_EXERCISE DESCRIPTION_:
For every line in the material, output its text exactly and exclude any image it holds.

_ENTRIES SUPPLIED_:

"""

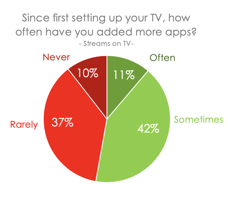 Half (51%) of respondents said that they installed a new TV app recommended by their smart-TV operating system when they set up their TV for the first time. And nearly half (47%) said that once their TV was set up, they rarely or never add more apps.
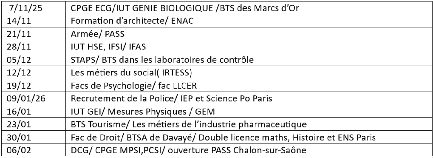 Puis arrivent, début novembre, les vendredis de l’orientation. Chaque vendredi de 12h à 13h de novembre à février, les premières et terminales ont la possibilité de connaître des dizaines de formations grâce à des anciens élèves, des professeurs du supérieur ou des directeurs de formations qui viennent pendant une heure présenter des parcours dans le détail et aider les élèves à trouver leur voie. Cette année encore, ils auront pu assister à 25 nouvelles interventions toutes aussi riches les unes que les autres mais aussi poser des questions, et même prendre rendez-vous pour des journées d’immersion auprès de ces professionnels. Voici un aperçu du programme 2025/2026 :
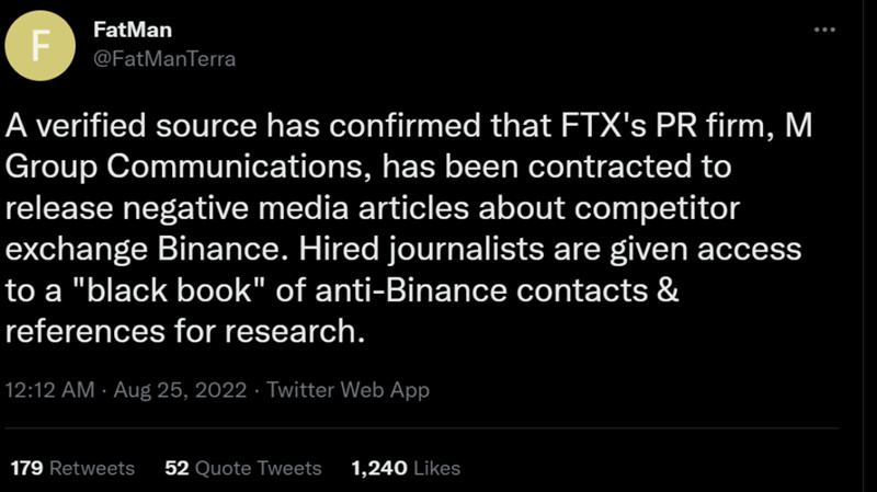 本站讯:Terra前研究员FatMan今(25)日凌晨于推特上爆料,声称交易所FTX聘用公关公司M GroupCommunications对币安进行负面宣传,FatMan声称该公司提供许多雇用的记者币安的黑料与相关反对币安的联络人进行研究。
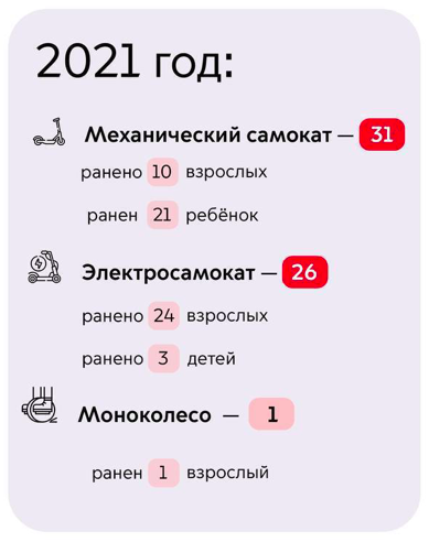 В 2021 году в Москве участились аварии с участием упомянутых средств передвижения. Статистика с начала года по конец июня выглядит так. Были зафиксированы и летальные случаи - после столкновения с самокатом в Москве погиб известный физиолог, правнук поэта Тютчева.
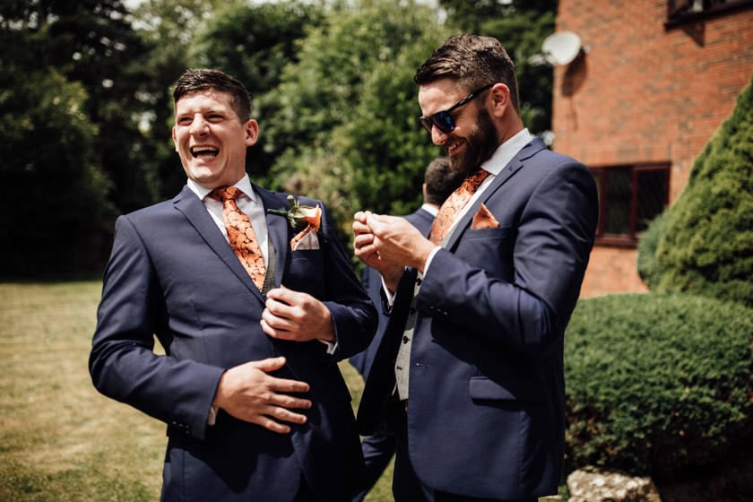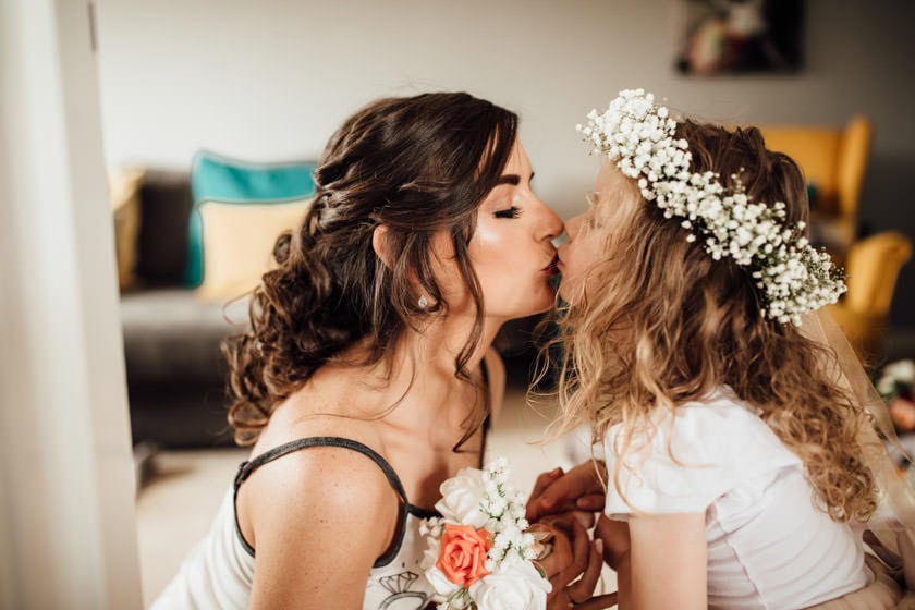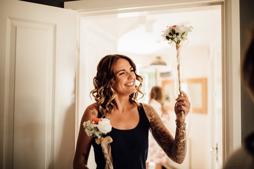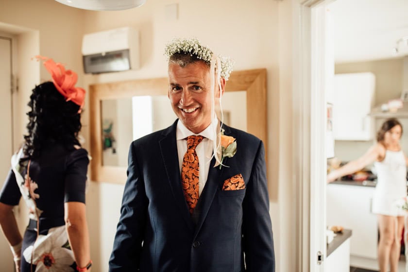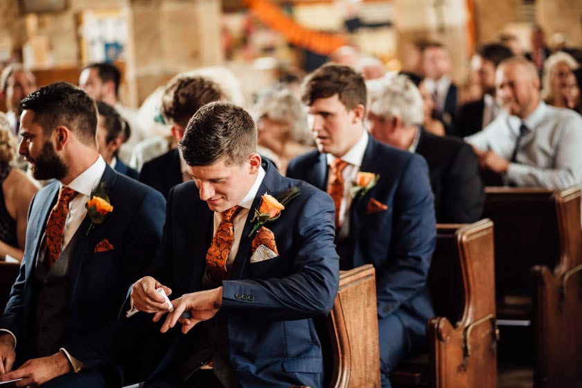 I first met Marie & Tom at their friends wedding last year and when they decided to book me, I knew it was going to be an amazing day! 🙂 Marie got ready at their house with her two daughters & bridesmaids, and the atmosphere was full of excitement. The bride then jumped into a fancy wedding car to get to the ceremony. Tom got ready at his parents house with all the lads. Funny fact from the day – you will notice on one of the photos that the trousers for one of the groomsmen arrived too short! Not something you want to be dealing with on your wedding day for sure, but the boys managed to swap it! 🙂

"""

_SOLUTION TO THE EXERCISE_:
 Half (51%) of respondents said that they installed a new TV app recommended by their smart-TV operating system when they set up their TV for the first time. And nearly half (47%) said that once their TV was set up, they rarely or never add more apps.
 Puis arrivent, début novembre, les vendredis de l’orientation. Chaque vendredi de 12h à 13h de novembre à février, les premières et terminales ont la possibilité de connaître des dizaines de formations grâce à des anciens élèves, des professeurs du supérieur ou des directeurs de formations qui viennent pendant une heure présenter des parcours dans le détail et aider les élèves à trouver leur voie. Cette année encore, ils auront pu assister à 25 nouvelles interventions toutes aussi riches les unes que les autres mais aussi poser des questions, et même prendre rendez-vous pour des journées d’immersion auprès de ces professionnels. Voici un aperçu du programme 2025/2026 :
 本站讯:Terra前研究员FatMan今(25)日凌晨于推特上爆料,声称交易所FTX聘用公关公司M GroupCommunications对币安进行负面宣传,FatMan声称该公司提供许多雇用的记者币安的黑料与相关反对币安的联络人进行研究。
 В 2021 году в Москве участились аварии с участием упомянутых средств передвижения. Статистика с начала года по конец июня выглядит так. Были зафиксированы и летальные случаи - после столкновения с самокатом в Москве погиб известный физиолог, правнук поэта Тютчева.
 I first met Marie & Tom at their friends wedding last year and when they decided to book me, I knew it was going to be an amazing day! 🙂 Marie got ready at their house with her two daughters & bridesmaids, and the atmosphere was full of excitement. The bride then jumped into a fancy wedding car to get to the ceremony. Tom got ready at his parents house with all the lads. Funny fact from the day – you will notice on one of the photos that the trousers for one of the groomsmen arrived too short! Not something you want to be dealing with on your wedding day for sure, but the boys managed to swap it! 🙂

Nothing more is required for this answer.